Each of these arguments takes a text string (i.e., enclosed in quotation marks) that gives the text you want to appear in that label. As an example consider the rendered plot using the following labels.

gf_counts(type ~ ., data = umn, color = "black", fill = "maroon") |>
  gf_labs(
    x = "Number of Buildings",
    y = "Building Type",
    title = "Buildings Owned by the University of Minnesota",
    subtitle = "The number buildings for each designated type on the Twin Cities campus.",
    caption = "Source: UMN Facility Information Services"
  )
Horizontal bar chart of the number of each building type owned by UMN. Labels have been added to help readers better understand the visualization.
Figure 7.4: Horizontal bar chart of the number of each building type owned by UMN. Labels have been added to help readers better understand the visualization.

Writing good labels is a process, and much like essays or papers, your first draft may not be the final draft. Looking at our labels, there are several improvements that can be made: (1) The title doesn’t capture the visualization well. It also need to stand out more from the subtitle. (2) the subtitle needs additional text to explain “designated type”. (3) Since it is clear from the title and subtitle that we are plotting building types, we may not need a label for the y-axis. To omit a label, don’t add any text between the quotation marks for that label.
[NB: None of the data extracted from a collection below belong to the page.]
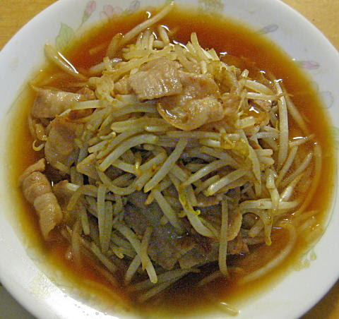 肉ともやしの炒め物、晩御飯だけならそんなにいらないですが明日の弁当を兼ねてです、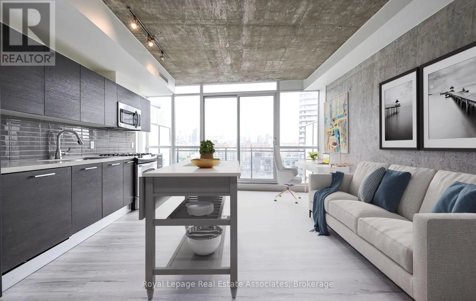 King St E / Parliament St Stunning condo in highly sought after King East building with a large living area perfectly designed for a desk/at home workstation. This unit boasts brand new luxury vinyl flooring throughout, floor to ceiling windows, and tons of natural light. S/S appliances. Double closet in hall and bedroom. Beautiful stone counter in kitchen with chefs gas stove. Concierge. You can ride or walk to the Distillery District and St. Lawrence Market, just minutes away. TTC at the front door! Amazing location! Close to bars, shops, restaurants. Spacious balcony w/ gas bbq hookup. Access to party room. Tenant to pay utilities. One (1) Parking spot available for rent ($250/month). Locker included. Hot water tank rental ($39/month) (id:27476)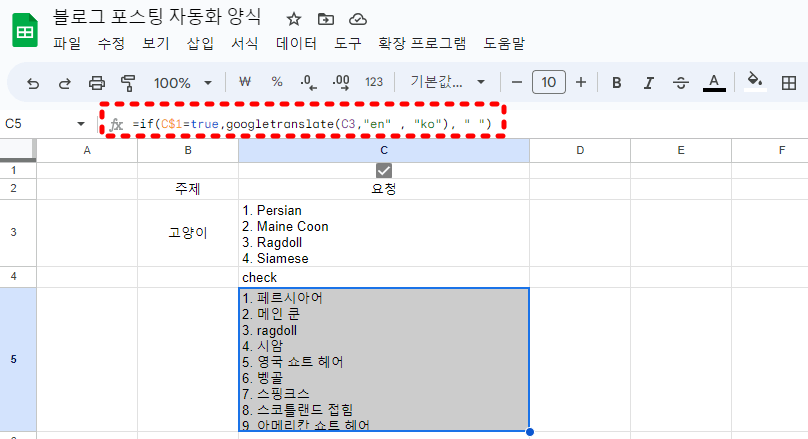=GOOGLETRANSLATE( A2, "KO" , "EN")를 "영어제목"란에 입력해 주면 됩니다. 예제를 해보면 아래와 같습니다.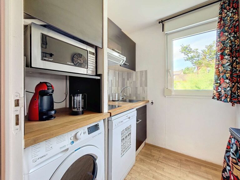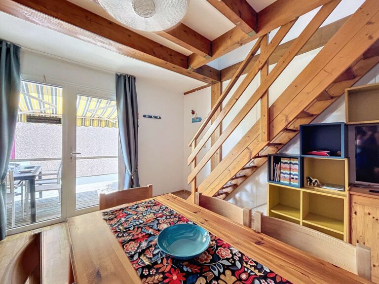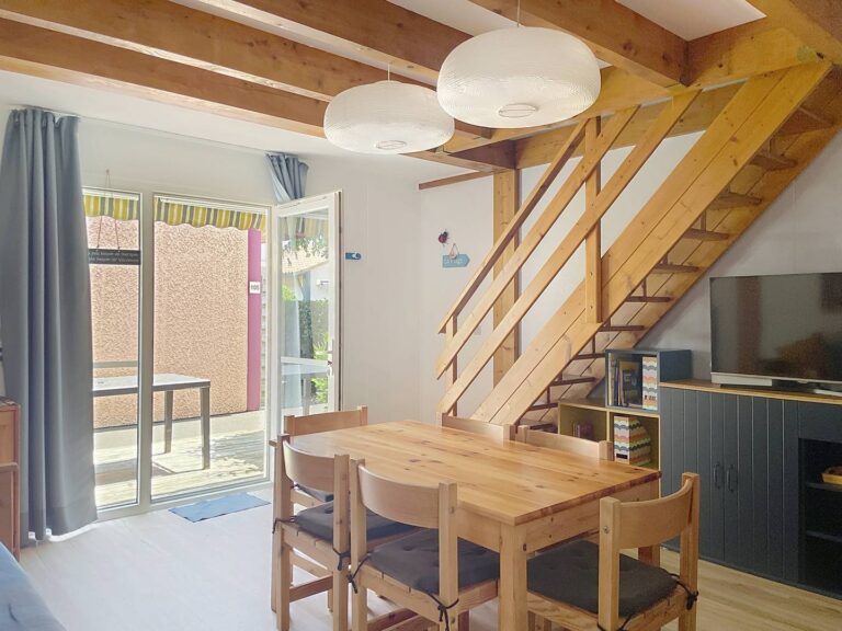 Composition : rez-de-chaussée : séjour : banquette lit gigogne (couchage en 140), TV, porte-fenêtre donnant accès à la terrasse, réfrigérateur-congélateur, kitchenette séparée (lave-vaisselle, lave-linge séchant, microondes), salle d’eau (douche, lavabo), WC séparé. TERRASSE en bois. Store manuel. Salon de jardin. 2 vélos adultes à disposition. ETAGE : CHAMBRE 1 : lit en 140, chevets + lampes, grand placard. CHAMBRE 2 : 2 lits en 90, chevet + lampe, placard. Capacité d’accueil : 4/6 Personnes.
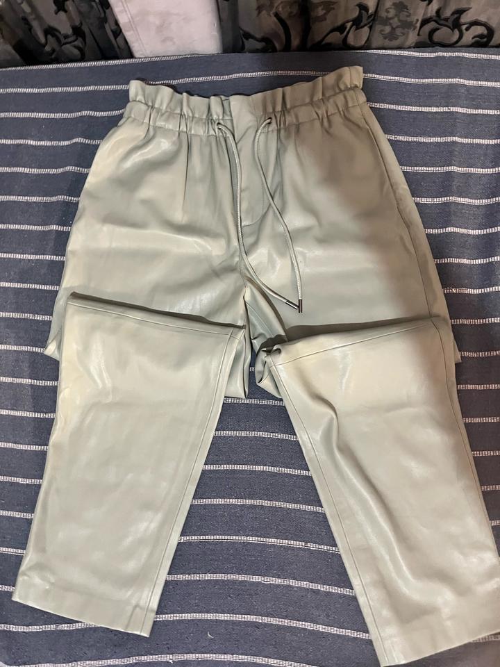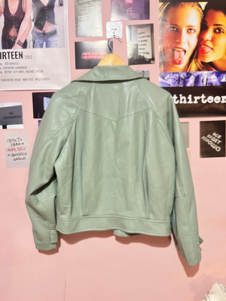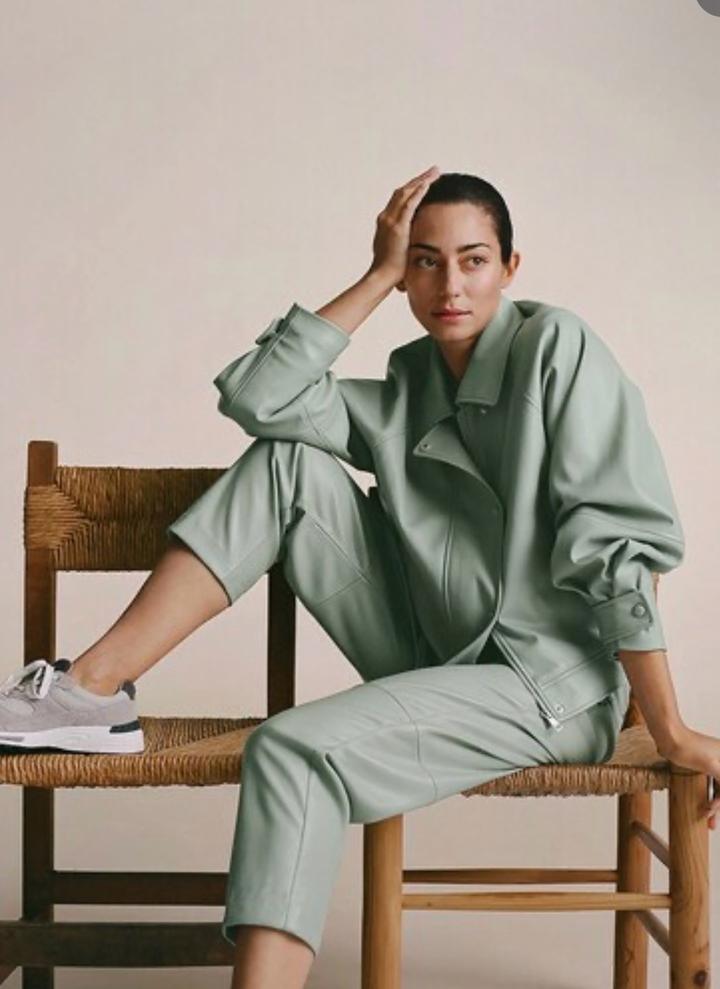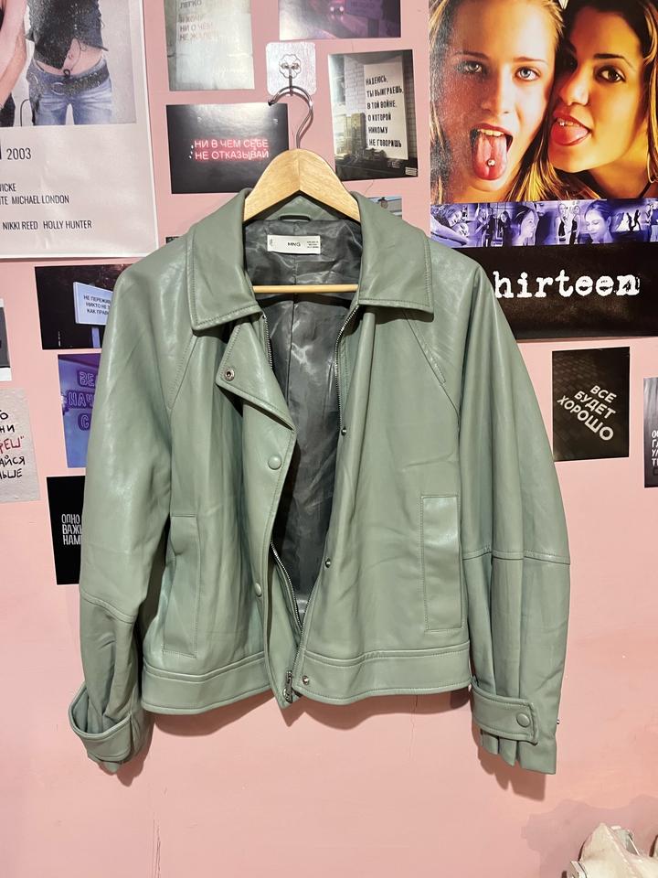 Кожаный костюм оливкого цвета от MANGOM
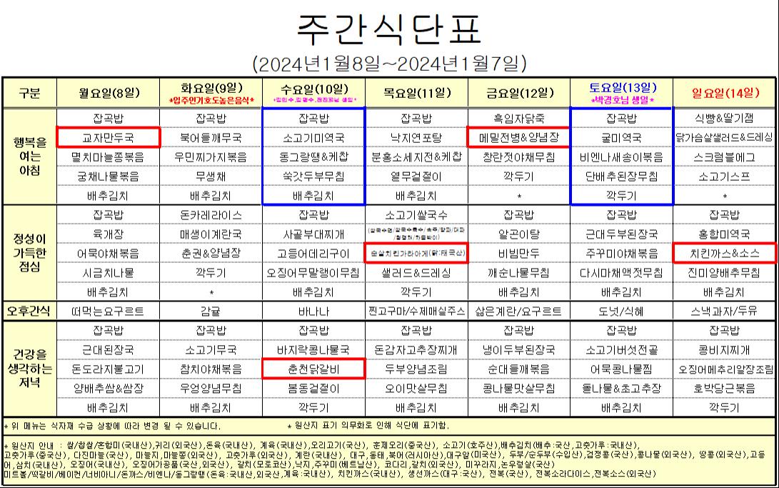 1¿ù 2°ÁÖ ½Ä´ÜÇ¥ ÀÔ´Ï´Ù.

gf_counts(type ~ ., data = umn, color = "black", fill = "maroon") |>
  gf_labs(
    x = "Number of Buildings",
    y = "",
    title = "PRIMARY DESIGNATION OF BUILDINGS ON THE TWIN CITIES CAMPUS",
    subtitle = "Each building owned by the University o Minnesota has a primary designated use (e.g., residential). Most of the buildings on the Twin Cities campus are designated as Academic/Administration or Residential.",
    caption = "Source: UMN Facility Information Services"
  )
Horizontal bar chart of the number of each building type owned by UMN. Labels have been added to help readers better understand the visualization.
Figure 7.5: Horizontal bar chart of the number of each building type owned by UMN. Labels have been added to help readers better understand the visualization.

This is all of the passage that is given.